The big news is that Carr is building a TRSM that encrypts the digits in a hardened box, so, yes, the merchant will have to change the mag stripe reader. Heartland will offer a solution for under $500 per POS. This is déjà vu, just like when electronic ticket capture became available: It was a game-changing event for the ISO community - actually the game-changing event.
Carr sees this as a five-zone project: Zone One covers the data from the point of origination to the processor's gateway or network. Zone Two is within the processor's network. Zone Three consists of the HSM's and central processing units within the network. Zone Four is all data at rest in data warehouses, databases and archives. Zone Five covers the data to the issuer through the card brand network.

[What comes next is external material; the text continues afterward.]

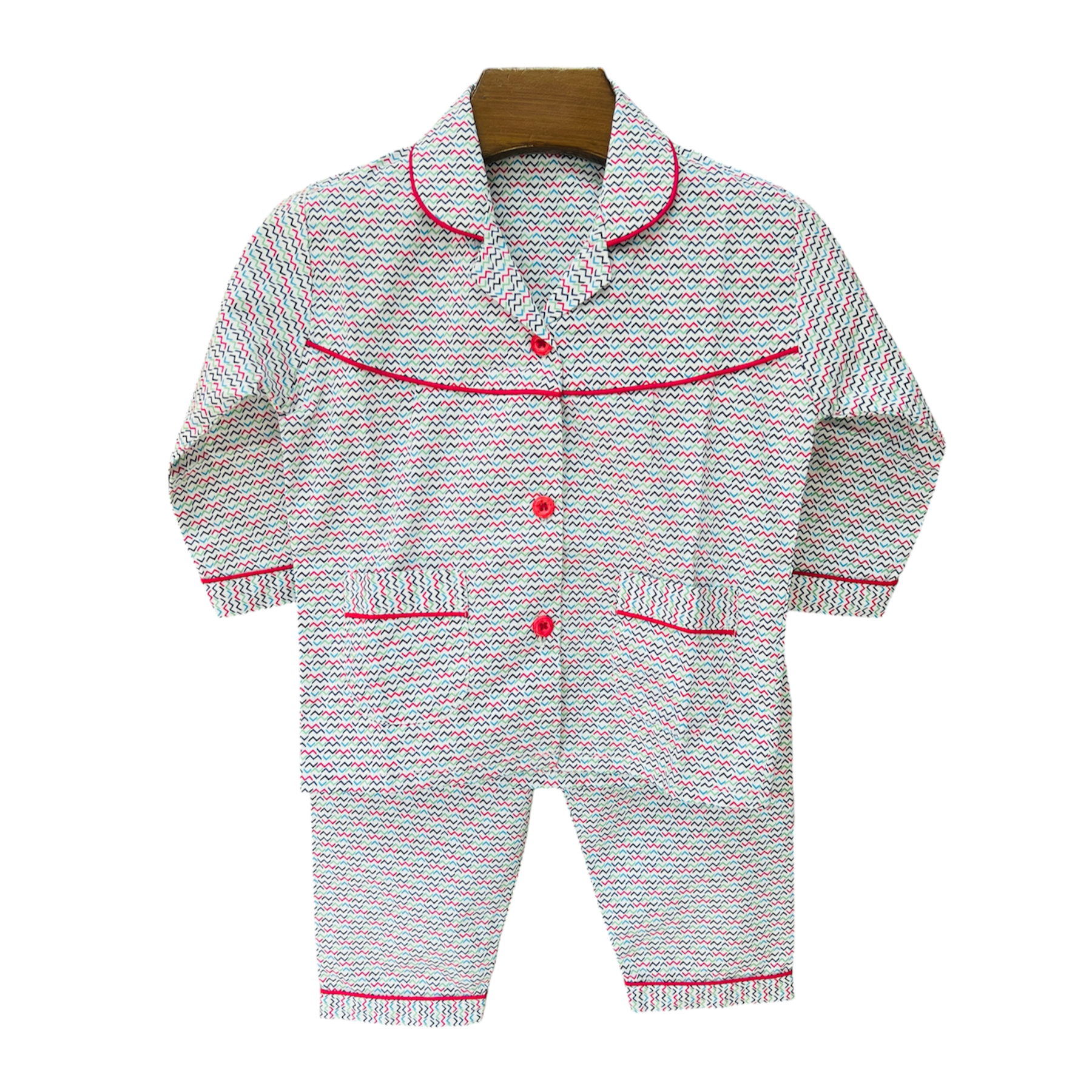 Keep your baby cozy all night with our 2-piece cotton night suit, designed for soft, gentle sleep. This set includes a breathable cotton shirt and matching trousers, perfect for bedtime or lounging at home.

Carr believes mandates aren't required, that the marketplace will develop good solutions over the next two to three years. I see this effort as on par with the NASA moon shot in difficulty, but perhaps I am too jaded an observer. I do know that if anyone can make it work, it will be Carr.
In reflecting upon data breaches, you might think, "This can never happen to me." Maybe you think your operation is not as big a target as Heartland, or perhaps you think you have airtight security. Maybe: In 2008, there were 635 breaches, but I didn't hear of more than a handful. This is about trust, and trust is the foundation of the information economy.
Recent studies of terminated employees show that people feel comfortable taking data belonging to their employers with them when they leave. This should really scare you. This is why the privacy business is a growth business: The IAPP, for example, has 6,200 members and is just getting started.
Your merchants need to feel certain you are handling their data in a way that meets generally accepted data security practices, and it is this standard to which your company will be held. Carr is elevating the standard, but he said "knowledge of security threats should not be viewed as a competitive advantage."
The bad guys out there are aggressive, smart, numerous and well-funded, and they are talking to each other. Shouldn't we be doing the same?